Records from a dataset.
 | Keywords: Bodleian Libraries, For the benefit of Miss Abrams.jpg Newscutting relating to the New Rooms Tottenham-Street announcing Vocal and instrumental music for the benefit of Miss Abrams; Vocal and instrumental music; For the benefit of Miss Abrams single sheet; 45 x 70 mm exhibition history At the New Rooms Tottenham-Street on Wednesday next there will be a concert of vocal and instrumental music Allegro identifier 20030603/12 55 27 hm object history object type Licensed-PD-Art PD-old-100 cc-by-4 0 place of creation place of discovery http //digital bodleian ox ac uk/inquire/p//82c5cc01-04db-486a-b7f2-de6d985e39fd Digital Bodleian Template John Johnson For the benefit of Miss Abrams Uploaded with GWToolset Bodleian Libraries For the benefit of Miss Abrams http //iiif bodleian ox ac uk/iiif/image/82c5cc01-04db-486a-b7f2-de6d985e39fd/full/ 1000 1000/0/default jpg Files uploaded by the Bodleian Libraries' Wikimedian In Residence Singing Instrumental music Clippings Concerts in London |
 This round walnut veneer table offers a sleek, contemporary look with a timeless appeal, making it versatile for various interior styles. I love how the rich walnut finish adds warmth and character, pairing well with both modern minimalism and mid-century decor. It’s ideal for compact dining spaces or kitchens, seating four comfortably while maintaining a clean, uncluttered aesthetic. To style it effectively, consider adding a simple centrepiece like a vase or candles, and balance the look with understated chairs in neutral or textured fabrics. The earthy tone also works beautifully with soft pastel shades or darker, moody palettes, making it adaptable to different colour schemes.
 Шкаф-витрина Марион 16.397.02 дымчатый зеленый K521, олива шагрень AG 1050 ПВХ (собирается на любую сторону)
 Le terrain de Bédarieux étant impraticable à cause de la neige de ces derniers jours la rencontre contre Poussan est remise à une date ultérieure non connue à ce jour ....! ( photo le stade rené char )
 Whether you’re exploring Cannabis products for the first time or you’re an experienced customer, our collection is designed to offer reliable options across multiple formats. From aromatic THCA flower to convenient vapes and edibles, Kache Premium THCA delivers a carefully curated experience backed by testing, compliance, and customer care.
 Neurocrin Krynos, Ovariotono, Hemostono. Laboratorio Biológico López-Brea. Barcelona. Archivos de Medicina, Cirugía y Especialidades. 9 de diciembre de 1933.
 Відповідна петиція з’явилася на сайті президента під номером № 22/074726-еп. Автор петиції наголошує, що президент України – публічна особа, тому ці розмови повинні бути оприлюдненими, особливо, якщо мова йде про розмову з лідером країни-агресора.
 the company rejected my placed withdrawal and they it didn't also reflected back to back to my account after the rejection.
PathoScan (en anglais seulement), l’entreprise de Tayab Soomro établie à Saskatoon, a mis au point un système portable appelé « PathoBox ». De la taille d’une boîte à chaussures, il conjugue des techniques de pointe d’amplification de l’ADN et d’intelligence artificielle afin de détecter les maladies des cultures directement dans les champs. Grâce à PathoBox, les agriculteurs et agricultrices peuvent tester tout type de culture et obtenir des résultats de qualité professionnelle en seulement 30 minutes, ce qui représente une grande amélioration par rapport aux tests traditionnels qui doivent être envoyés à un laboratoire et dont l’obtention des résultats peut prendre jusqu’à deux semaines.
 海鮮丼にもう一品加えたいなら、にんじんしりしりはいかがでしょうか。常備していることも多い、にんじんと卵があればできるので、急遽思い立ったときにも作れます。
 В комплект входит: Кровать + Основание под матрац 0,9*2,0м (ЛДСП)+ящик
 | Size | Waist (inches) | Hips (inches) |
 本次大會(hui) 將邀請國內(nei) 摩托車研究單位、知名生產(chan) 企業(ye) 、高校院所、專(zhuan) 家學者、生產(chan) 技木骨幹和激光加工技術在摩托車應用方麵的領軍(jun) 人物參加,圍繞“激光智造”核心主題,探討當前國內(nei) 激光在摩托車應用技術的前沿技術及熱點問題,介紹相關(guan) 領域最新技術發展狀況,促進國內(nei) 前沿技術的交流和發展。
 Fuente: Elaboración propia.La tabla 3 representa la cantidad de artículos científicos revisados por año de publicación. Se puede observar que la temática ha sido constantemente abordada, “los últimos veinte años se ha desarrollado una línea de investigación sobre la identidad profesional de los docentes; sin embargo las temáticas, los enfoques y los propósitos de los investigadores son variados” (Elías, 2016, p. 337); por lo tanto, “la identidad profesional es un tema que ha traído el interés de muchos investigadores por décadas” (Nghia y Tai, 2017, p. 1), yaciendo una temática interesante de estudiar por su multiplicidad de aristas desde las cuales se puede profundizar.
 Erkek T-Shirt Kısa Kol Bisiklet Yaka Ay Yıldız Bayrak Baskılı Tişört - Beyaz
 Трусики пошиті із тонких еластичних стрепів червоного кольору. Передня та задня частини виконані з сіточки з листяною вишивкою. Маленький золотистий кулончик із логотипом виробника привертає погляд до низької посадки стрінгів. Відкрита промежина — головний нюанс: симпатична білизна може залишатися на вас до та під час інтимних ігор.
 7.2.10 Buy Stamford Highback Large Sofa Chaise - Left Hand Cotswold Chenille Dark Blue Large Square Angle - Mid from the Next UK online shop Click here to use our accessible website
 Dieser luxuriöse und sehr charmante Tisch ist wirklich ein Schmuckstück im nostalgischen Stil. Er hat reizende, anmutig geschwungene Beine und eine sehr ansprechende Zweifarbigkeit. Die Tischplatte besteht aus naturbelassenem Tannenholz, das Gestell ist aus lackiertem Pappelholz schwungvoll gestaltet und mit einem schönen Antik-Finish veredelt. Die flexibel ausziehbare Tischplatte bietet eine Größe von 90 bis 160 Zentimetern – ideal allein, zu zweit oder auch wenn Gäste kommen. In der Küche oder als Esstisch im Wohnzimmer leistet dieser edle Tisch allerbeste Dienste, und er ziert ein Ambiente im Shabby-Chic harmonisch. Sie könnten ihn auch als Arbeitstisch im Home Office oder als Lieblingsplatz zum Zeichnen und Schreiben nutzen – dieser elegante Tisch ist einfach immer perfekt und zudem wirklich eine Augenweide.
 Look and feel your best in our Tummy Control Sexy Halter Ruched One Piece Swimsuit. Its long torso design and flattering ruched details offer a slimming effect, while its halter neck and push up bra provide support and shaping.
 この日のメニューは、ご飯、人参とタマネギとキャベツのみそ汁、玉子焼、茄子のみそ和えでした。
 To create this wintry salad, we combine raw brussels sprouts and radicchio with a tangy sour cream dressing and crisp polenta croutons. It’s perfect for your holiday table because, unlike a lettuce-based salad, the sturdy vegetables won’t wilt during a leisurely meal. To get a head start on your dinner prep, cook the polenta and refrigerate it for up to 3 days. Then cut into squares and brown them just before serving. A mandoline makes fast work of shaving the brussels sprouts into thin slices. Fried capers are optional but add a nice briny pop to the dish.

What is needed. Copy the entries word for word.

Written reply.
 | Keywords: Bodleian Libraries, For the benefit of Miss Abrams.jpg Newscutting relating to the New Rooms Tottenham-Street announcing Vocal and instrumental music for the benefit of Miss Abrams; Vocal and instrumental music; For the benefit of Miss Abrams single sheet; 45 x 70 mm exhibition history At the New Rooms Tottenham-Street on Wednesday next there will be a concert of vocal and instrumental music Allegro identifier 20030603/12 55 27 hm object history object type Licensed-PD-Art PD-old-100 cc-by-4 0 place of creation place of discovery http //digital bodleian ox ac uk/inquire/p//82c5cc01-04db-486a-b7f2-de6d985e39fd Digital Bodleian Template John Johnson For the benefit of Miss Abrams Uploaded with GWToolset Bodleian Libraries For the benefit of Miss Abrams http //iiif bodleian ox ac uk/iiif/image/82c5cc01-04db-486a-b7f2-de6d985e39fd/full/ 1000 1000/0/default jpg Files uploaded by the Bodleian Libraries' Wikimedian In Residence Singing Instrumental music Clippings Concerts in London |
 This round walnut veneer table offers a sleek, contemporary look with a timeless appeal, making it versatile for various interior styles. I love how the rich walnut finish adds warmth and character, pairing well with both modern minimalism and mid-century decor. It’s ideal for compact dining spaces or kitchens, seating four comfortably while maintaining a clean, uncluttered aesthetic. To style it effectively, consider adding a simple centrepiece like a vase or candles, and balance the look with understated chairs in neutral or textured fabrics. The earthy tone also works beautifully with soft pastel shades or darker, moody palettes, making it adaptable to different colour schemes.
 Шкаф-витрина Марион 16.397.02 дымчатый зеленый K521, олива шагрень AG 1050 ПВХ (собирается на любую сторону)
 Le terrain de Bédarieux étant impraticable à cause de la neige de ces derniers jours la rencontre contre Poussan est remise à une date ultérieure non connue à ce jour ....! ( photo le stade rené char )
 Whether you’re exploring Cannabis products for the first time or you’re an experienced customer, our collection is designed to offer reliable options across multiple formats. From aromatic THCA flower to convenient vapes and edibles, Kache Premium THCA delivers a carefully curated experience backed by testing, compliance, and customer care.
 Neurocrin Krynos, Ovariotono, Hemostono. Laboratorio Biológico López-Brea. Barcelona. Archivos de Medicina, Cirugía y Especialidades. 9 de diciembre de 1933.
 Відповідна петиція з’явилася на сайті президента під номером № 22/074726-еп. Автор петиції наголошує, що президент України – публічна особа, тому ці розмови повинні бути оприлюдненими, особливо, якщо мова йде про розмову з лідером країни-агресора.
 the company rejected my placed withdrawal and they it didn't also reflected back to back to my account after the rejection.
PathoScan (en anglais seulement), l’entreprise de Tayab Soomro établie à Saskatoon, a mis au point un système portable appelé « PathoBox ». De la taille d’une boîte à chaussures, il conjugue des techniques de pointe d’amplification de l’ADN et d’intelligence artificielle afin de détecter les maladies des cultures directement dans les champs. Grâce à PathoBox, les agriculteurs et agricultrices peuvent tester tout type de culture et obtenir des résultats de qualité professionnelle en seulement 30 minutes, ce qui représente une grande amélioration par rapport aux tests traditionnels qui doivent être envoyés à un laboratoire et dont l’obtention des résultats peut prendre jusqu’à deux semaines.
 海鮮丼にもう一品加えたいなら、にんじんしりしりはいかがでしょうか。常備していることも多い、にんじんと卵があればできるので、急遽思い立ったときにも作れます。
 В комплект входит: Кровать + Основание под матрац 0,9*2,0м (ЛДСП)+ящик
 | Size | Waist (inches) | Hips (inches) |
 本次大會(hui) 將邀請國內(nei) 摩托車研究單位、知名生產(chan) 企業(ye) 、高校院所、專(zhuan) 家學者、生產(chan) 技木骨幹和激光加工技術在摩托車應用方麵的領軍(jun) 人物參加,圍繞“激光智造”核心主題,探討當前國內(nei) 激光在摩托車應用技術的前沿技術及熱點問題,介紹相關(guan) 領域最新技術發展狀況,促進國內(nei) 前沿技術的交流和發展。
 Fuente: Elaboración propia.La tabla 3 representa la cantidad de artículos científicos revisados por año de publicación. Se puede observar que la temática ha sido constantemente abordada, “los últimos veinte años se ha desarrollado una línea de investigación sobre la identidad profesional de los docentes; sin embargo las temáticas, los enfoques y los propósitos de los investigadores son variados” (Elías, 2016, p. 337); por lo tanto, “la identidad profesional es un tema que ha traído el interés de muchos investigadores por décadas” (Nghia y Tai, 2017, p. 1), yaciendo una temática interesante de estudiar por su multiplicidad de aristas desde las cuales se puede profundizar.
 Erkek T-Shirt Kısa Kol Bisiklet Yaka Ay Yıldız Bayrak Baskılı Tişört - Beyaz
 Трусики пошиті із тонких еластичних стрепів червоного кольору. Передня та задня частини виконані з сіточки з листяною вишивкою. Маленький золотистий кулончик із логотипом виробника привертає погляд до низької посадки стрінгів. Відкрита промежина — головний нюанс: симпатична білизна може залишатися на вас до та під час інтимних ігор.
 7.2.10 Buy Stamford Highback Large Sofa Chaise - Left Hand Cotswold Chenille Dark Blue Large Square Angle - Mid from the Next UK online shop Click here to use our accessible website
 Dieser luxuriöse und sehr charmante Tisch ist wirklich ein Schmuckstück im nostalgischen Stil. Er hat reizende, anmutig geschwungene Beine und eine sehr ansprechende Zweifarbigkeit. Die Tischplatte besteht aus naturbelassenem Tannenholz, das Gestell ist aus lackiertem Pappelholz schwungvoll gestaltet und mit einem schönen Antik-Finish veredelt. Die flexibel ausziehbare Tischplatte bietet eine Größe von 90 bis 160 Zentimetern – ideal allein, zu zweit oder auch wenn Gäste kommen. In der Küche oder als Esstisch im Wohnzimmer leistet dieser edle Tisch allerbeste Dienste, und er ziert ein Ambiente im Shabby-Chic harmonisch. Sie könnten ihn auch als Arbeitstisch im Home Office oder als Lieblingsplatz zum Zeichnen und Schreiben nutzen – dieser elegante Tisch ist einfach immer perfekt und zudem wirklich eine Augenweide.
 Look and feel your best in our Tummy Control Sexy Halter Ruched One Piece Swimsuit. Its long torso design and flattering ruched details offer a slimming effect, while its halter neck and push up bra provide support and shaping.
 この日のメニューは、ご飯、人参とタマネギとキャベツのみそ汁、玉子焼、茄子のみそ和えでした。
 To create this wintry salad, we combine raw brussels sprouts and radicchio with a tangy sour cream dressing and crisp polenta croutons. It’s perfect for your holiday table because, unlike a lettuce-based salad, the sturdy vegetables won’t wilt during a leisurely meal. To get a head start on your dinner prep, cook the polenta and refrigerate it for up to 3 days. Then cut into squares and brown them just before serving. A mandoline makes fast work of shaving the brussels sprouts into thin slices. Fried capers are optional but add a nice briny pop to the dish.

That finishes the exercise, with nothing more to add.